NHTSA investigates Ford’s Mustang Mach-E recall over power issues

ford mustang mach-e

The National Highway Traffic and Safety Administration (NHTSA) is taking a closer look at a Ford Mustang Mach-E recall issued in June 2022. The recall, initially aimed at addressing an overheating issue with the electric SUV’s high-voltage contactors, is now under investigation after reports of continued power failures even after the physical repairs and software updates that were supposed to correct the issue were installed.

The recall, which affected nearly 49,000 Mustang Mach-E vehicles, was first initiated due to concerns over sudden power loss while driving. This scenario could potentially lead to accidents, making it a critical safety concern. In response Ford rolled out an over-the-air (OTA) software update to mitigate the problem, which was designed to manage contactor temperature and reduce battery power to prevent contactor damage.

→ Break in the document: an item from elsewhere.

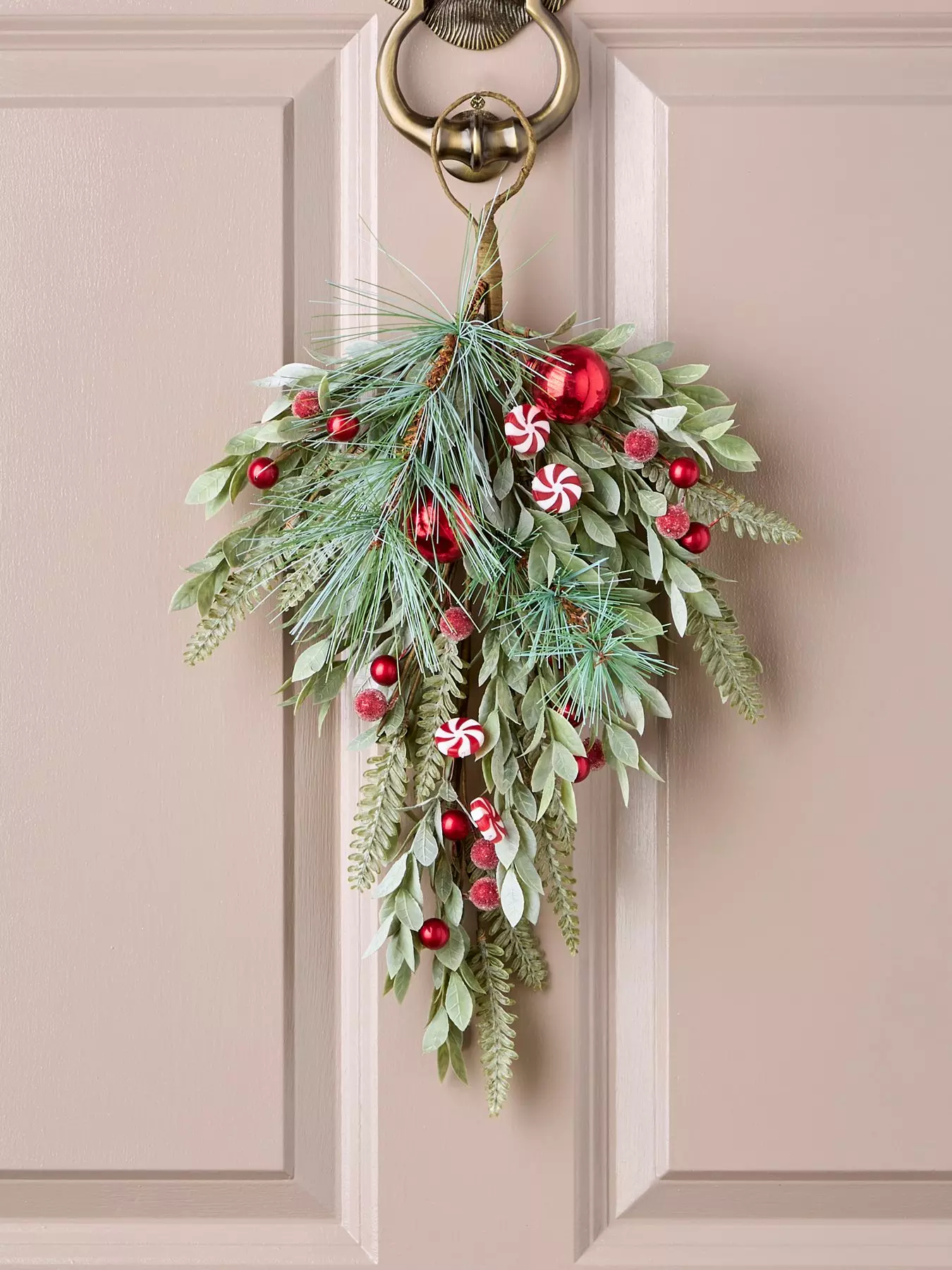 Add a festive touch to your home decor with this 48cm candy cane & bauble swag, featuring stripey candy canes, red baubles, berries, and evergreen foliage. This hanging Christmas decoration is perfect for adding a pop of colour and holiday cheer to your space. Mix and match with coordinating pieces to create a cohesive and stylish look throughout your home. Get ready to spread the holiday spirit with this beautiful and festive swag!Sheltered outdoor use only, bring indoors in extreme weather.

The problem was significant enough that dealerships were instructed to withhold new Mach-E deliveries until the software was installed, and a service bulletin detailed the replacement of the High Voltage Battery Junction Box in affected vehicles.

However, recent consumer complaints have raised the issue once again. The NHTSA’s Office of Defects Investigation (ODI) has received a dozen reports claiming that the OTA software update did not effectively address the issue, with owners detailing power failures even after the vehicles had supposedly been fixed, prompting the NHTSA to open a Recall Query (RQ) to look into the matter further. (via Automotive News)

The Office of Defects Investigation (ODI) has opened this Recall Query (RQ) after receiving 12 consumer complaints alleging a high voltage battery main contactor failure in MY 2021-2022 Ford Mach-E vehicles (subject vehicles) that were included in Recall 22V-412 and remedied prior to the reported incidents. The remedy in this recall was a Secondary On-Board Diagnostic Control Module (SOBDMC) software update to monitor contactor temperature and reduce battery power to prevent damage to the contactor, and a Battery Energy Control Module (BECM) software update to monitor contactor resistance to identify an overheated contactor and reduce vehicle power to prevent further damage.